INFORMATION GIVEN –
◇ ◇ ◇ ◇ ◇ ◇ ◇

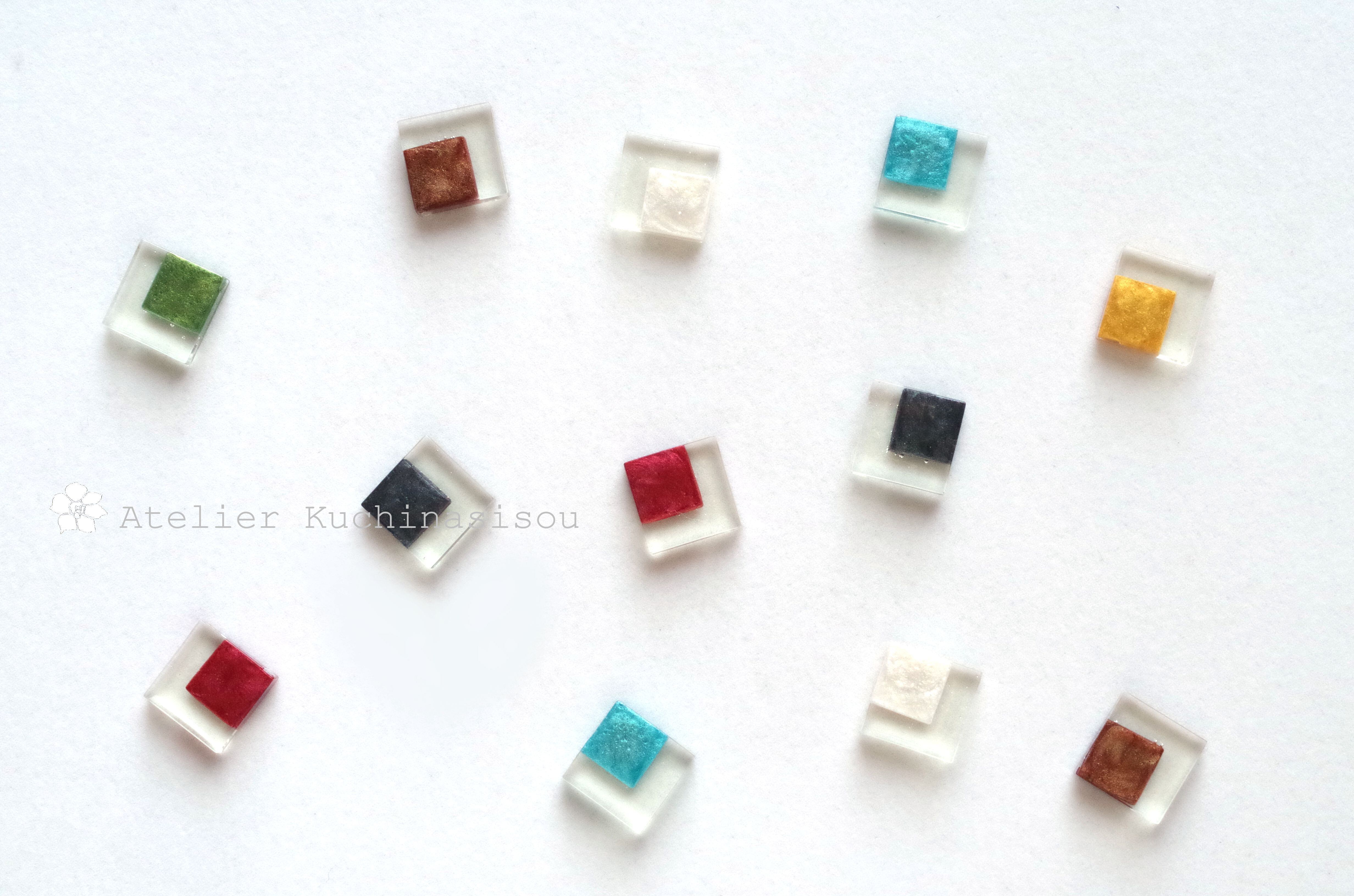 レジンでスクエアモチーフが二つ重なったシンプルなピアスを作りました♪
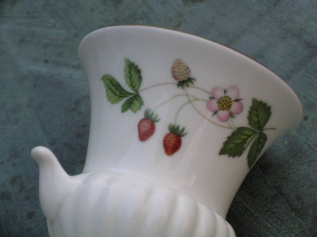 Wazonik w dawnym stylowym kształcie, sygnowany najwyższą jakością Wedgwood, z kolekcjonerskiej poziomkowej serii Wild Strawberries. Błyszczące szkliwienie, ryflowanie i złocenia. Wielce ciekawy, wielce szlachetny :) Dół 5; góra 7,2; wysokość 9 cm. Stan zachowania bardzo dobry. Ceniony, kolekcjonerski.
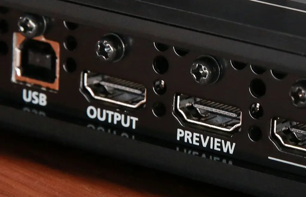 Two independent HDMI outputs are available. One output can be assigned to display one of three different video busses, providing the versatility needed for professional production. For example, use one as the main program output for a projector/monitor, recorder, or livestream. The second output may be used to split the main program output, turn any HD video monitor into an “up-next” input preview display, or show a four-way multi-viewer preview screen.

◇ ◇ ◇ ◇ ◇ ◇ ◇

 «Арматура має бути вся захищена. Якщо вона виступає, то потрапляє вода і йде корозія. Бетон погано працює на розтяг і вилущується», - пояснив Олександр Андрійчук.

◇ ◇ ◇ ◇ ◇ ◇ ◇

TASK OBJECTIVE –
Look above for the line with "レジンでスクエアモチーフが二つ重なったシンプルなピアスを作りました♪" and the line with "Two independent HDMI". Output those two and everything between them exactly, pictures excluded.

ANSWER TO THIS EXERCISE –
 レジンでスクエアモチーフが二つ重なったシンプルなピアスを作りました♪
 Wazonik w dawnym stylowym kształcie, sygnowany najwyższą jakością Wedgwood, z kolekcjonerskiej poziomkowej serii Wild Strawberries. Błyszczące szkliwienie, ryflowanie i złocenia. Wielce ciekawy, wielce szlachetny :) Dół 5; góra 7,2; wysokość 9 cm. Stan zachowania bardzo dobry. Ceniony, kolekcjonerski.
 Two independent HDMI outputs are available. One output can be assigned to display one of three different video busses, providing the versatility needed for professional production. For example, use one as the main program output for a projector/monitor, recorder, or livestream. The second output may be used to split the main program output, turn any HD video monitor into an “up-next” input preview display, or show a four-way multi-viewer preview screen.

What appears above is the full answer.